Dolaysıyla kötü amel bizzat cezanın ta kendisidir ve ceza ile amel arasında hiç bir mesafe yoktur. Bu yüzden Neml suresinin 90. Ayetinde de şöyle buyurur:

(Rablerinin huzuruna) kötülükle gelen kimseler ise yüzükoyun cehenneme atılırlar. (Onlara) "Ancak yaptıklarınızın karşılığını görmektesiniz!" (denir).

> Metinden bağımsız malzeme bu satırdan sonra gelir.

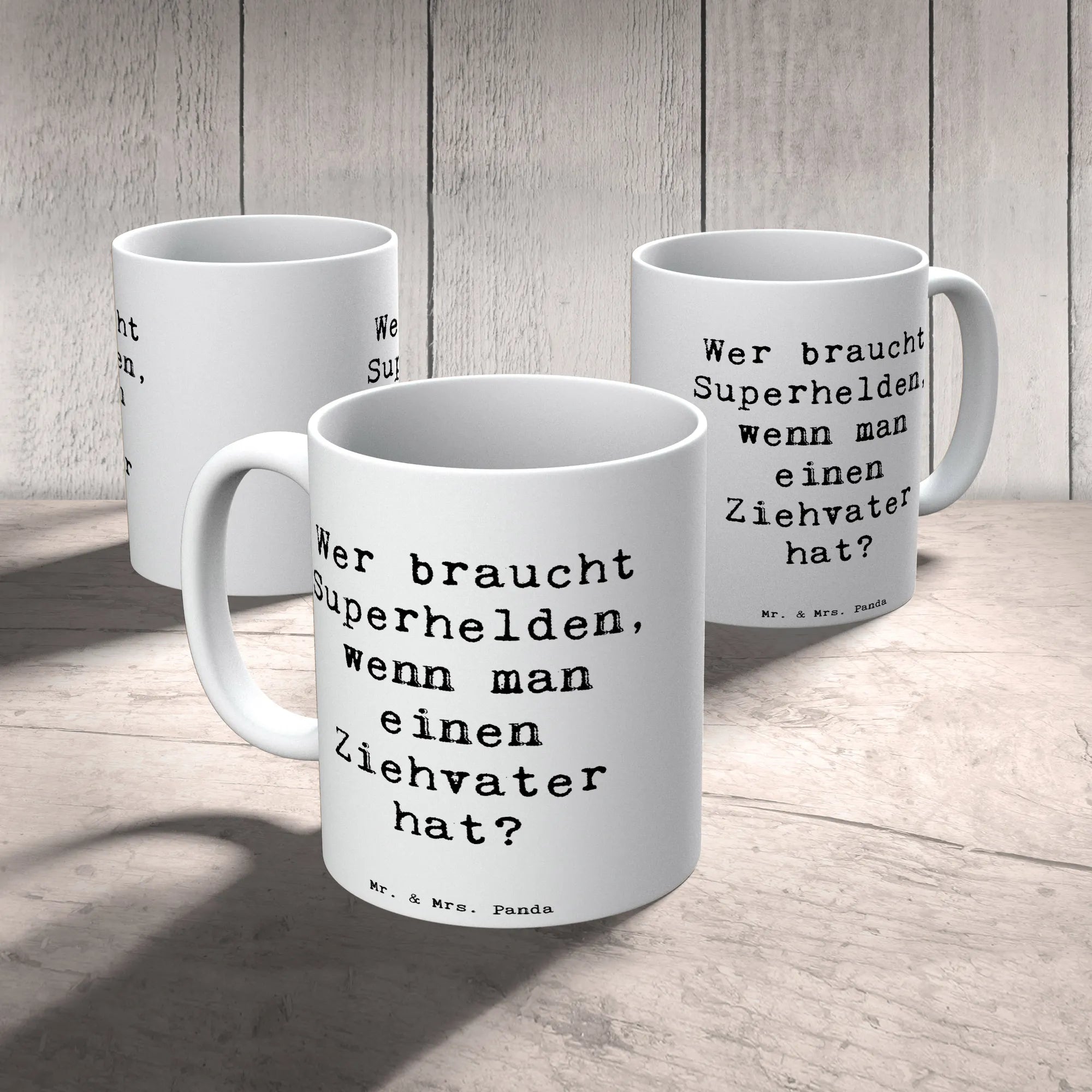 Mug Saying Wer braucht Superhelden, wenn man einen Ziehvater hat? - White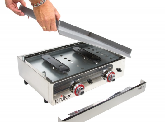 Queimador de design ARILEX com saída de chama em todo o seu perímetro garantindo uma distribuição uniforme de calor por toda a placa. Sem “zonas frias”. Alta potência de aquecimento com termopar de segurança.

Dolaysıyla cehennem azabı sadece onu seçenler için uygulanır. Tüm amelleri ve sıfatları kötü olan ve asla pişman olmayan veya tövbe için ahireti için hiç bir şey biriktirmeyen kimse, aslında kendi elleriyle cehennem ateşini kendisi için yakmıştır. Yani böyle biri kendi kendinin ateşi olmuştur ve bu yüzden onunla ateş arasında bir mesafe oluşması imkansızdır. Çünkü birinin kendinden ayrı düşmesi söz konusu olamaz.

 

Kur'an'ı Kerim'in cehennem için saydığı en önemli özelliklerden biri, çok yakıcı bir ateşi bulunmasıdır. Yüce Allah Tevbe suresinin 81. Ayetinde şöyle buyurur:

... De ki: "Cehennem ateşi daha sıcaktır!" Keşke anlasalardı!

Burada keşke anlasalardı, demekle aslında muhatabına yanmanın şiddetini ve facianın derinliğini anlatmak istiyor. Çünkü bu ayette yer alan fıkıh sözcüğü, meselenin derinliğini anlama anlamına gelir. Nitekim eğer insanlar azabın derinliğini anlasalardı, bu denli küstahça günah işlemez ve fani dünyada daha temkinli davranırdı. Çünkü cehennem ateşi hiç kimsenin katlanamayacağı kadar acı ve yakıcıdır. Bu ateş insanın canını ve içini yakmak ve çok muazzam ve korkunç olmakla beraber, sesi de korkunçtur ve yürekleri sarsar.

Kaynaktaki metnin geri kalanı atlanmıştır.